Could you return every record below exactly as it is written?
_ _ _ _ _
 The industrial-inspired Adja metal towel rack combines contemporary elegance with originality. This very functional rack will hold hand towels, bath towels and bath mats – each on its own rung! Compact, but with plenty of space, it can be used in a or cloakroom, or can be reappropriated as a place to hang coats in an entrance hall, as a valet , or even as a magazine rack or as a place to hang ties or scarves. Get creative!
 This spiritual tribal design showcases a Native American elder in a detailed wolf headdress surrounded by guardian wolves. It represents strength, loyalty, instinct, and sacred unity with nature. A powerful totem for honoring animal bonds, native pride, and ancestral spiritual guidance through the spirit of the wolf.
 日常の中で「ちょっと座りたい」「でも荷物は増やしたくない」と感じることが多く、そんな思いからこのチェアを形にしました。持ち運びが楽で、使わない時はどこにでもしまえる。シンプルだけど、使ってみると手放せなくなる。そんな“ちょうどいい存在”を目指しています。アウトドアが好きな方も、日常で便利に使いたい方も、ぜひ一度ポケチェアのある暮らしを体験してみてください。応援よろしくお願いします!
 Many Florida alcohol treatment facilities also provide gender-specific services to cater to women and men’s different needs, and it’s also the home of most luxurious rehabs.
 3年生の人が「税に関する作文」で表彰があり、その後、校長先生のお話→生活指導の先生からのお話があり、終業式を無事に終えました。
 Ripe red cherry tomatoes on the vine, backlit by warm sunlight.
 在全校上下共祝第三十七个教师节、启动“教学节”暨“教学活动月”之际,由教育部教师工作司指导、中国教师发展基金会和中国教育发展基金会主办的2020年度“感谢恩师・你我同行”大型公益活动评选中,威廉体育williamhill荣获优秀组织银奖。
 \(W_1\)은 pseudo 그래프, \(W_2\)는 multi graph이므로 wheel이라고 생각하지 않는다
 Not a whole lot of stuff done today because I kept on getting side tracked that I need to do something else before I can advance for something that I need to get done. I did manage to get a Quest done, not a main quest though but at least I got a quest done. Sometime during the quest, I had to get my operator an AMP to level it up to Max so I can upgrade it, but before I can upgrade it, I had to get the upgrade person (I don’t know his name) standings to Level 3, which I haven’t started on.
_ _ _ _ _
» **THE ANSWER**:
 The industrial-inspired Adja metal towel rack combines contemporary elegance with originality. This very functional rack will hold hand towels, bath towels and bath mats – each on its own rung! Compact, but with plenty of space, it can be used in a or cloakroom, or can be reappropriated as a place to hang coats in an entrance hall, as a valet , or even as a magazine rack or as a place to hang ties or scarves. Get creative!
 This spiritual tribal design showcases a Native American elder in a detailed wolf headdress surrounded by guardian wolves. It represents strength, loyalty, instinct, and sacred unity with nature. A powerful totem for honoring animal bonds, native pride, and ancestral spiritual guidance through the spirit of the wolf.
 日常の中で「ちょっと座りたい」「でも荷物は増やしたくない」と感じることが多く、そんな思いからこのチェアを形にしました。持ち運びが楽で、使わない時はどこにでもしまえる。シンプルだけど、使ってみると手放せなくなる。そんな“ちょうどいい存在”を目指しています。アウトドアが好きな方も、日常で便利に使いたい方も、ぜひ一度ポケチェアのある暮らしを体験してみてください。応援よろしくお願いします!
 Many Florida alcohol treatment facilities also provide gender-specific services to cater to women and men’s different needs, and it’s also the home of most luxurious rehabs.
 3年生の人が「税に関する作文」で表彰があり、その後、校長先生のお話→生活指導の先生からのお話があり、終業式を無事に終えました。
 Ripe red cherry tomatoes on the vine, backlit by warm sunlight.
 在全校上下共祝第三十七个教师节、启动“教学节”暨“教学活动月”之际,由教育部教师工作司指导、中国教师发展基金会和中国教育发展基金会主办的2020年度“感谢恩师・你我同行”大型公益活动评选中,威廉体育williamhill荣获优秀组织银奖。
 \(W_1\)은 pseudo 그래프, \(W_2\)는 multi graph이므로 wheel이라고 생각하지 않는다
 Not a whole lot of stuff done today because I kept on getting side tracked that I need to do something else before I can advance for something that I need to get done. I did manage to get a Quest done, not a main quest though but at least I got a quest done. Sometime during the quest, I had to get my operator an AMP to level it up to Max so I can upgrade it, but before I can upgrade it, I had to get the upgrade person (I don’t know his name) standings to Level 3, which I haven’t started on.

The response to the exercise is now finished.